Many young Americans live, work or play beneath a mushrooming cloud of marijuana smoke: Almost one out of five Americans say they've tried it: about one out of every 14 regularly smoke it.

The country's taste for other mood changing drugs is considerable. Millions alter their moods with amphetamines or related stimulants like Benzedrine or "bennies," once widely used as appetite suppressants in weight control programs. The "uppers" carry "street" names spawned by their subculture, evoking images as colorful as their rainbow hues: "copilots," "speeds," "crank," and the like.

But nicknames don't begin to describe the dangers of use, warn medical experts.

Still, millions choose to ignore the warnings, and relieve their anxieties with minor tranquilizers like Librium and Valium, or sedate their troubles with more powerful sedative phenobarbital or "purple hearts," Quaaludes or "ludes," and a host of other socalled "downers" with nicknames like "reds," "yellow jackets," "blues" and "rainbows."

Six million regularly slip into a dreamlike state of confusion and disoreintation through the deadly PCP or "angel dust," according to government figures. And a small, growing number of upper middle class young professional often gather at chic parties to "snort" thin lines of the white powder up their nsotrils: cocaine.
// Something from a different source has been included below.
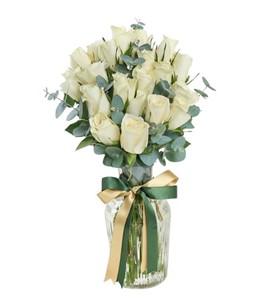 Çizgili Cam Sürahide 21 Beyaz Gül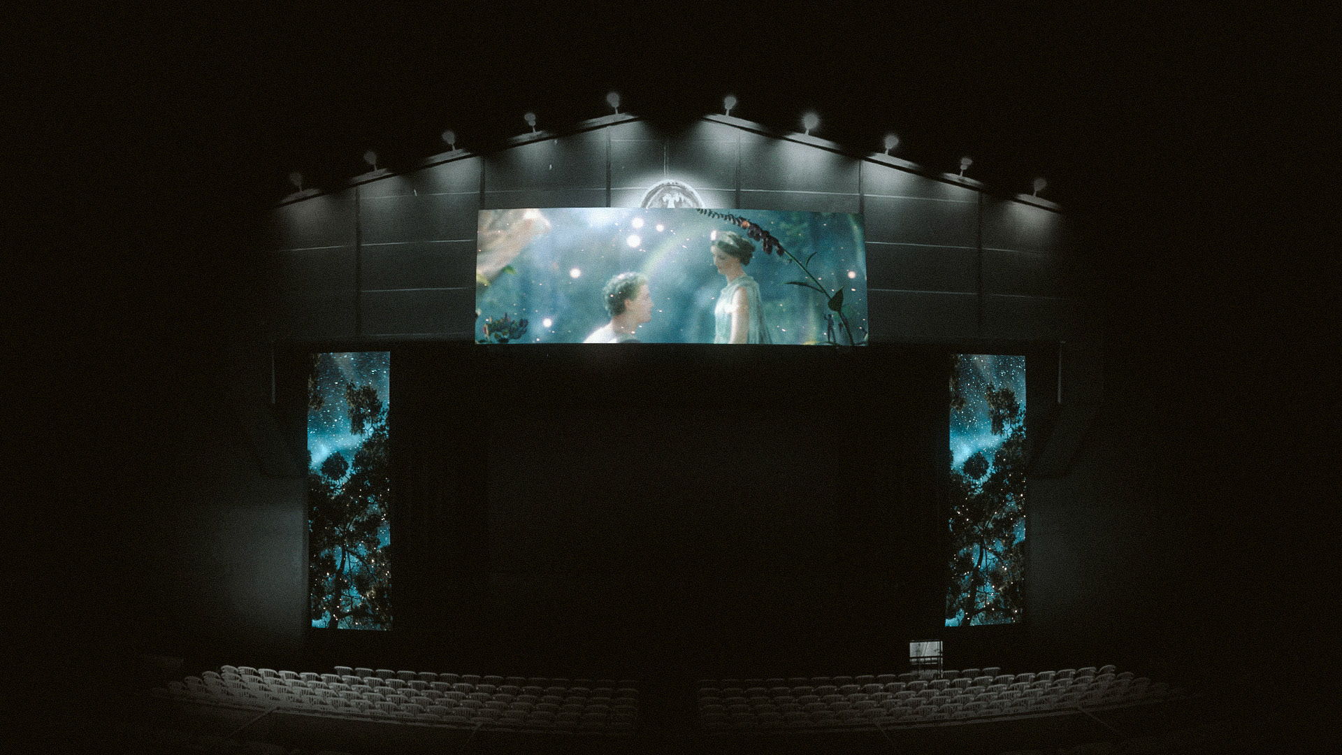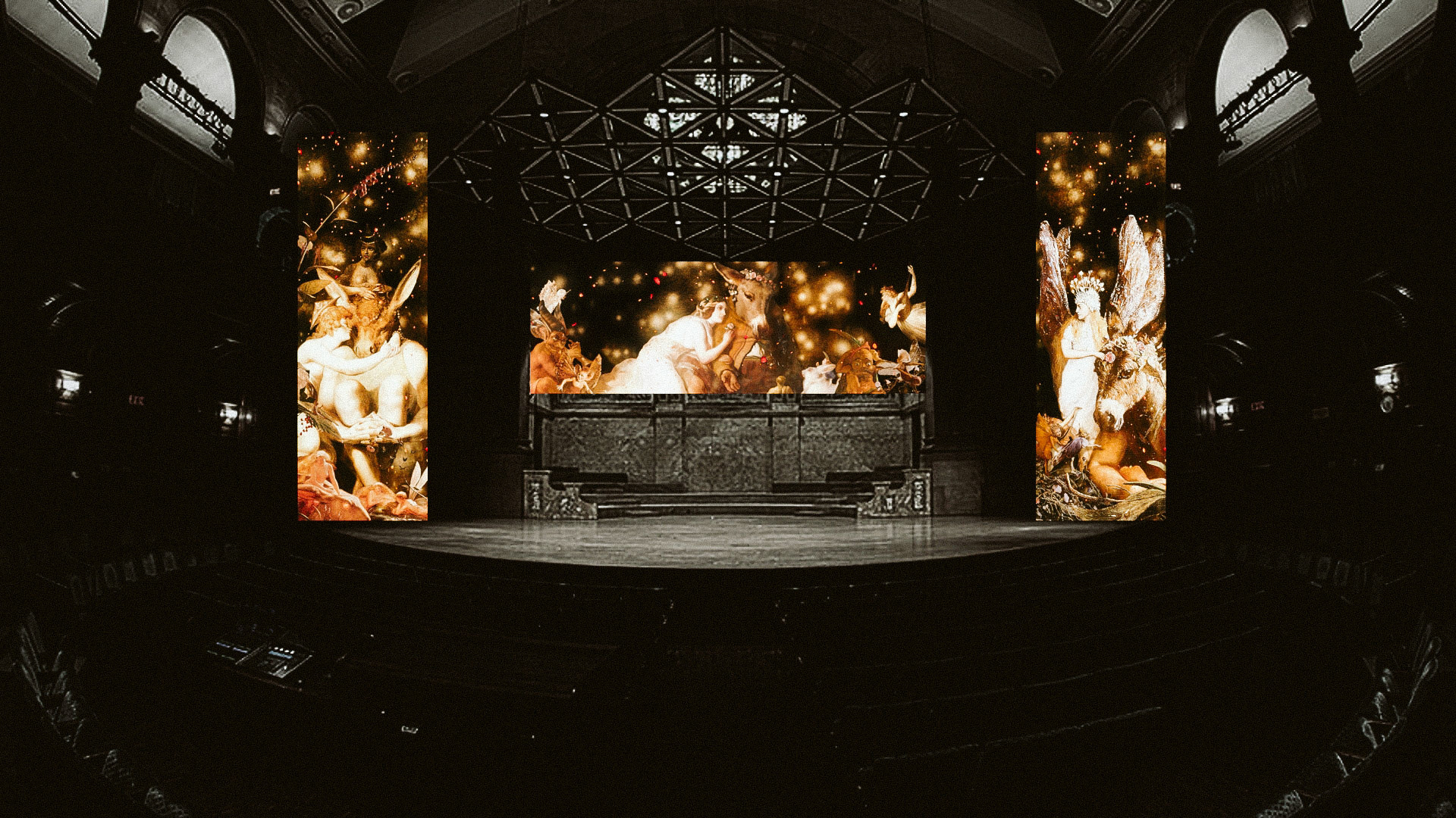 We wanted to transport the public to the fantastic world of the play, so we decided to create some atmospheric projections that could take advantage of each of the scenario's architecture. These projections represented the environments and emotions occurring during the story.

Sociologists, psychologists and other experts says such trends are troublesome and worry about the millions who spend their days flying high. The country's 93 million drinkers and 65 million tobacco smokers are using drugs, too, even though their use is within the law.

To the extent that use of drugs overlaps, authorities aren't sure how many people are involved. What they are certain about, though, is that millions more are taking pills from their medicine cabinet on doctors' orders and gobbling them at an astonishing rate.

The lines between drug use and misuse are blurry, and according to a February report of medical experts impaneled by the President's Commission on Mental Health, the "overwhelming majrity" of "psychoactive," or "mind-altering" drug users are classified as "experimental, recreational or circumstantial" and don't threaten themselves or others.

That is not to say that dabbling with drugs for "fun" or "recreation" is rsk-free. Emergency rooms still treat many cases of drug overdose, and the number of car smash-ups, and other accidental injury and deaths caused by drugs is impossible to determine.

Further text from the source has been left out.